> [Exercise prompt]: Transcribe the records below word for word, beginning with the first line and stopping after the line that contains "The Razer Kraken"; pictures are not part of the copy.

Records from a dataset
↓↓↓

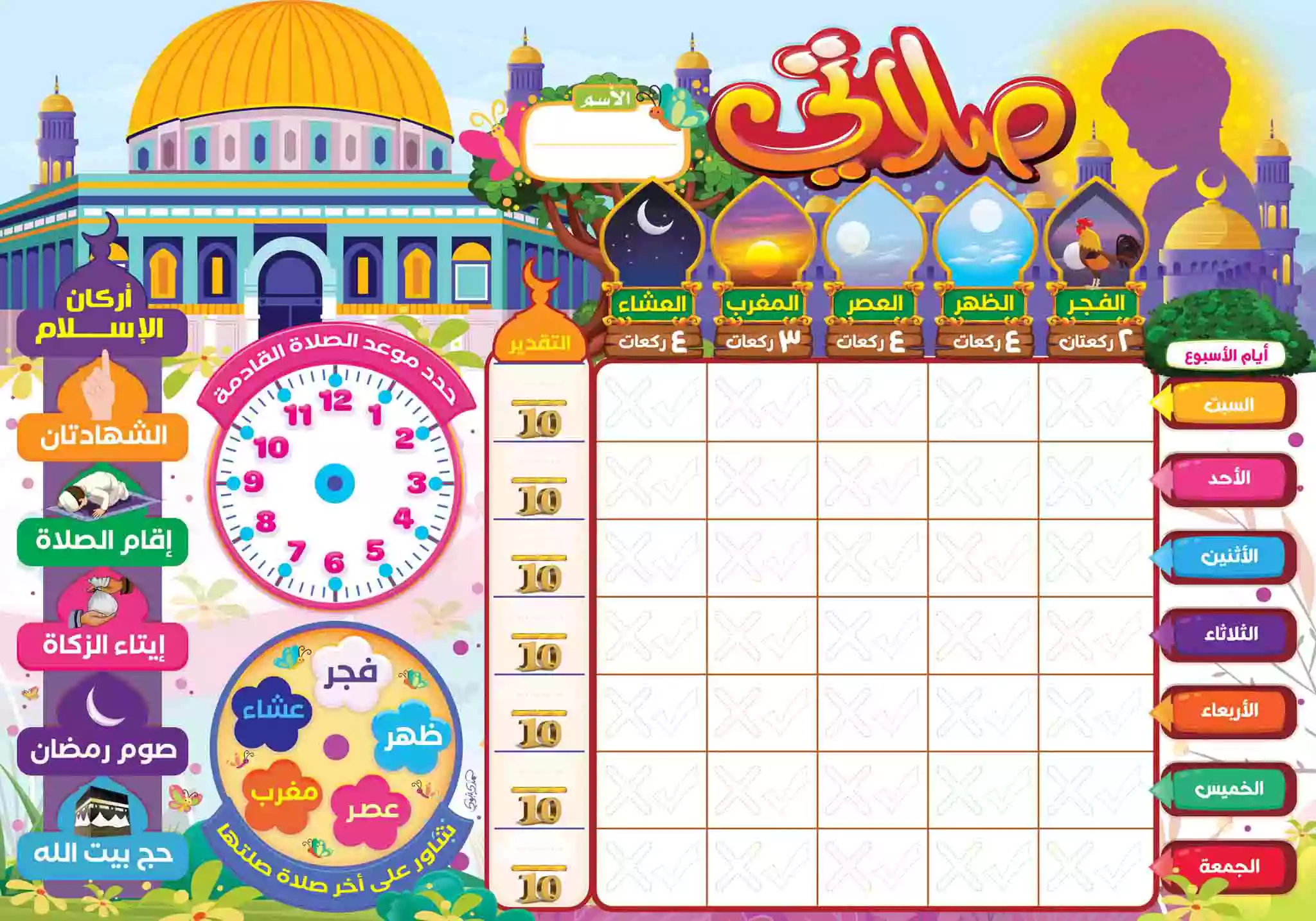 الطفل هيتابع الصلاة وقت بوقت وولى الامر فى آخر الأسبوع هيكتب التقدير للطفل لتشجيعه
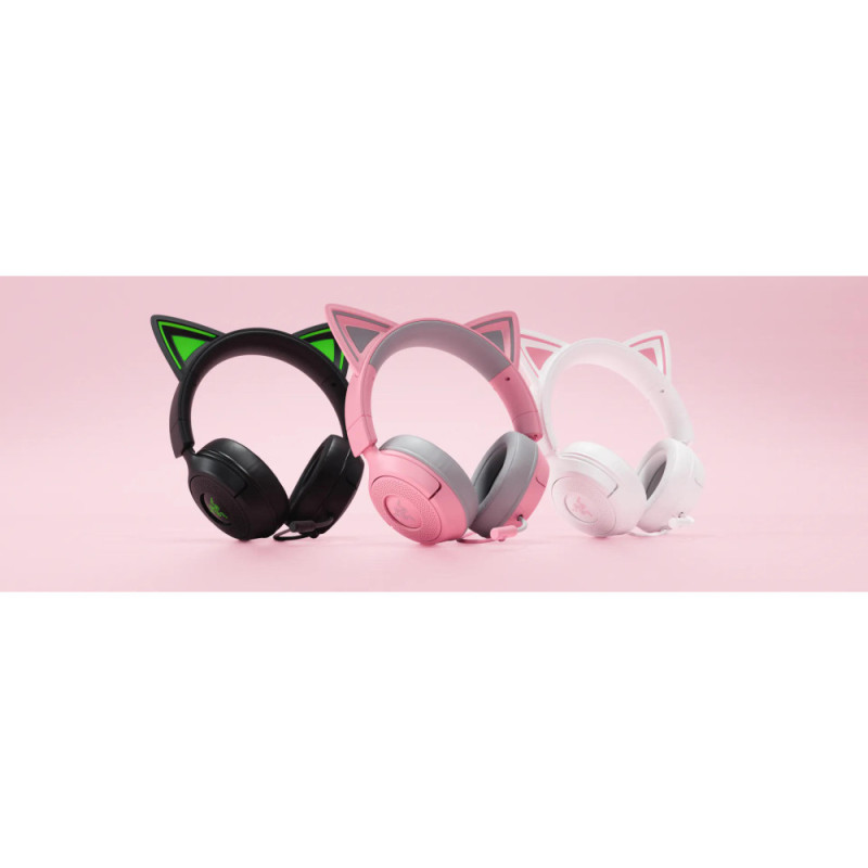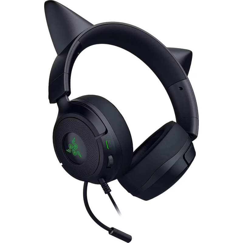 The Razer Kraken Kitty V3 X headset is a gaming model featuring signature cat ears, 3.5 mm mini-jack connection, and a 1.3 m cable. It is equipped with 40 mm drivers for rich sound and soft ear cushions for comfortable wear. The black design with pink accents makes it bright and recognizable. The headset is suitable for both gaming and everyday listening.
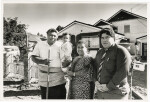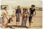 Members of the Ai'ono family posing against railings at the New Brighton top car park along Marine Parade. Family members are Fa'asala, Melany, Saunoa, Keresia, Fa'asala JR and Lei.
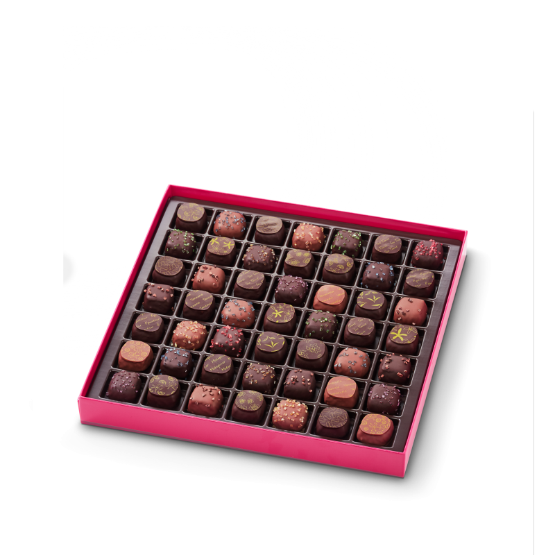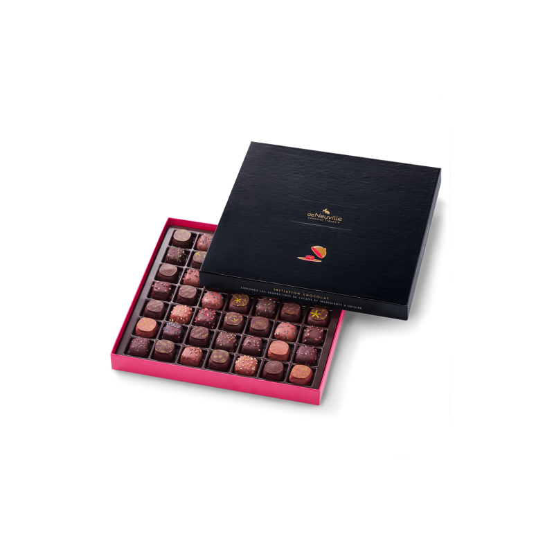 De Neuville vous propose une sélection de 49 palets aux recettes raffinées et originales. De savoureuses ganaches enrobées d’une fine couche de chocolat noir ou lait. Ces créations de Neuville sont issues de l'alliance parfaite des meilleurs crus de cacao et des ingrédients les plus fins, sélectionnés pour leur intensité aromatique. Une explosion de saveurs à chaque bouchée. Un coffret de chocolats idéal pour vos cadeaux d'affaires ou votre comité d'entreprise.
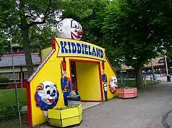 Kiddieland was a small, enclosed section of the park, containing rides specifically for children. It was located behind the Carousel and across from the Witch's Stew and Trabant. The original Kiddieland restrooms were destroyed by an arson fire in 2010. They have since been rebuilt.
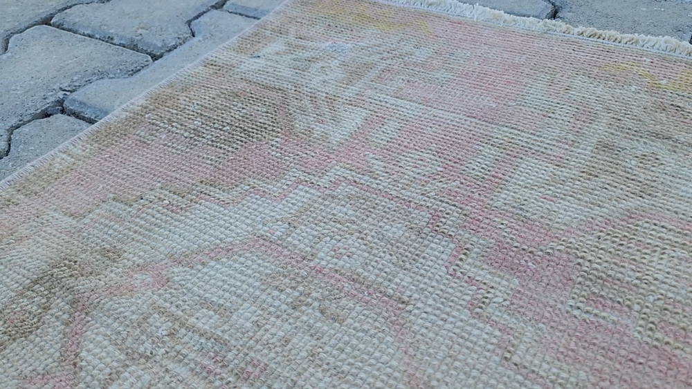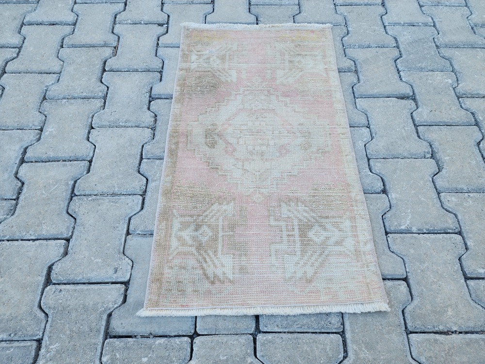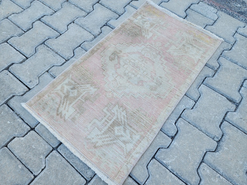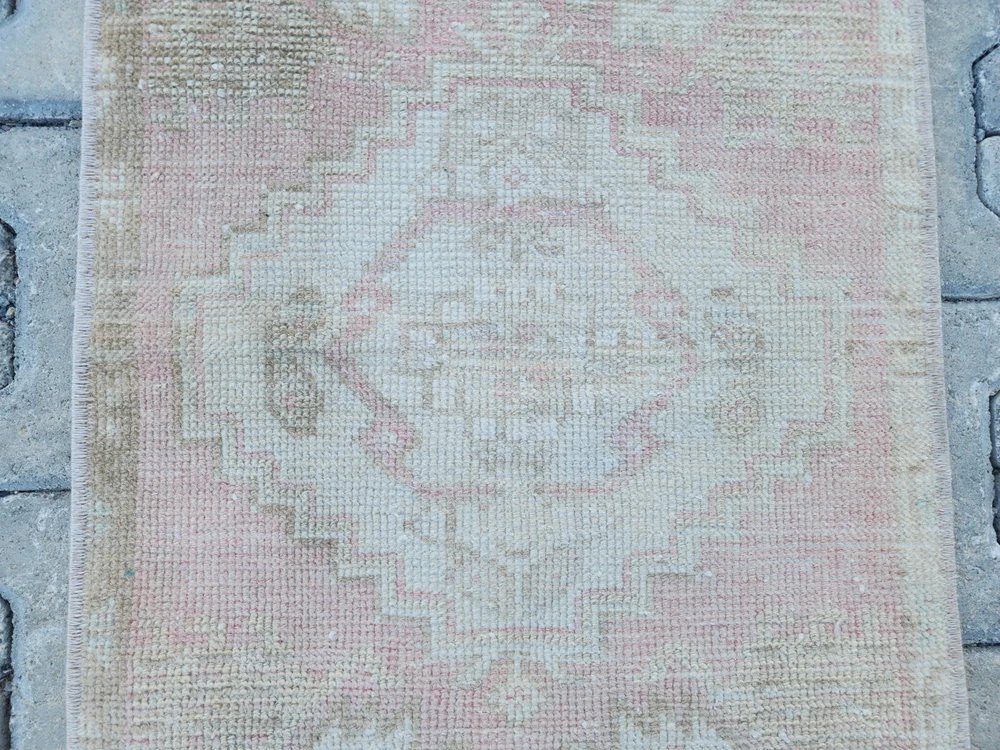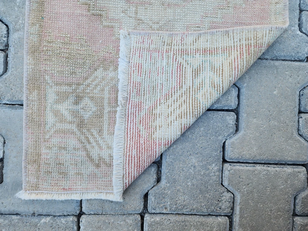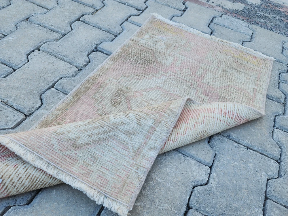 Mini Turkish Oushak Rug β 1.6x2.7 ft, Washed Beige & Blush, Faded Geometric Medallion Soft Vintage Handwoven Rug β Subtle Boho Accent for Entryway or Decor Corners This charming vintage Turkish rug showcases a gently faded beige base with soft blush and light green accents. A large central geometric medallion is framed by corner motifs in muted earthy tones, giving the rug a subtle and airy character. Perfectly distressed for a modern vintage look. Handwoven from wool and vegetable-dyed yarns, this piece is ideal for cozy entryways, bohemian decor corners, or as a delicate accent in bedrooms and hallways. Product Details: π Origin: Turkey π Material: 100% wool, vegetable dyes π Weaving: Hand-knotted vintage rug π Pattern: Geometric medallion with traditional corner motifs π Colors: Beige, blush, pale green, washed brown π Condition: Distressed / gently faded π Size: 48 x 84 cm (1.6 x 2.7 ft) π Shipping: Free worldwide shipping in 1β3 business days π Returns: 30-day return policy π¬ Feel free to message us with any questions!

↑↑↑

> [Solution below]:
 الطفل هيتابع الصلاة وقت بوقت وولى الامر فى آخر الأسبوع هيكتب التقدير للطفل لتشجيعه
 The Razer Kraken Kitty V3 X headset is a gaming model featuring signature cat ears, 3.5 mm mini-jack connection, and a 1.3 m cable. It is equipped with 40 mm drivers for rich sound and soft ear cushions for comfortable wear. The black design with pink accents makes it bright and recognizable. The headset is suitable for both gaming and everyday listening.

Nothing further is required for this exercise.